Primary cutaneous T–cell lymphomas (CTCL) are a heterogeneous group of non–Hodgkin lymphomas (NHL) of skin—homing T–cells (1, 2). CTCL account for ~2% of all lymphomas and mycosis fungoides (MF) comprise the majority of cases. Most patients with MF present a prolonged, indolent clinical course with initial skin involvement and subsequent progression in certain cases to the lymph nodes and visceral organs (3, 4). Early disease stages can be controlled with skin—directed therapy, such as topical steroids, light treatment and radiation (5). Sézary syndrome (SS) is a rare (2–5%), aggressive leukemic variant of CTCL with systemic features in addition to skin involvement, characterized by low complete response (CR) rates to therapy (3, 4). Advanced MF and SS have a dismal prognosis and warrant systemic therapy; yet, long—term remission rates with conventional treatments alone are still low (5).

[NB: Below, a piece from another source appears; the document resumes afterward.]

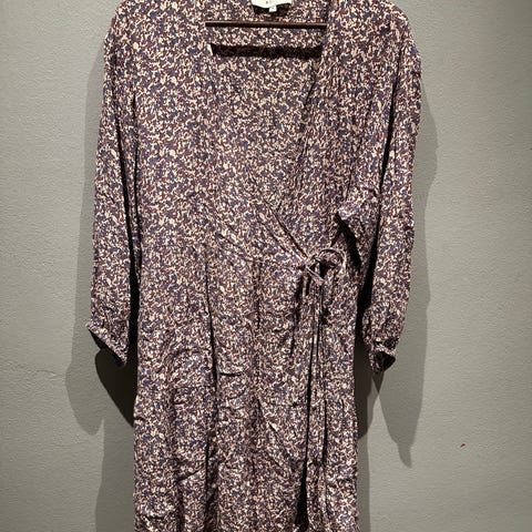 Vähän käytetty, oikein hyvässä kunnossa. Kaunis malli, epäsymmetrinen röyhelöhelma, pitkät hihat, iso v-aukko (tarvitsee topin alle), hieman krepattu epätasainen kangas, ei rypisty.

Hematopoietic stem cell transplantation (HSCT) has been explored as a curative option in patients with advanced—stage CTCL and has shown promising disease control (DCR) and overall survival (OS) rates (6, 7). A patient—level meta—analysis has implied that autologous HSCT results only in limited responses with OS and progression—free survival (PFS) inferior to allogeneic HSCT; therefore, autologous HSCT in CTCL is currently barely used (8). Several sets of clinical data have indicated that allogeneic HSCT could provide a cure in patients with previously incurable disease (7). Although randomized clinical trials comparing HSCT and conventional systemic therapies are missing, OS rates after HSCT are encouraging and are estimated at 46 and 44% at 5 and 7 years, respectively (9–11). Nevertheless, about 50% of the patients will relapse during the first year post—HSCT, with a median time of disease relapse at 3.8 months (9). Although most cases describe local, manageable skin relapse, hematological relapse has been associated with a poor prognosis (9). To date, there is yet no established consensus for the management of disease relapse after HSCT. Herein, we report the results of a single center, retrospective analysis of ten CTCL patients treated with alloHSCT with a long—term follow—up and we aim to discuss possible therapeutic strategies for the management of disease relapse after alloHSCT.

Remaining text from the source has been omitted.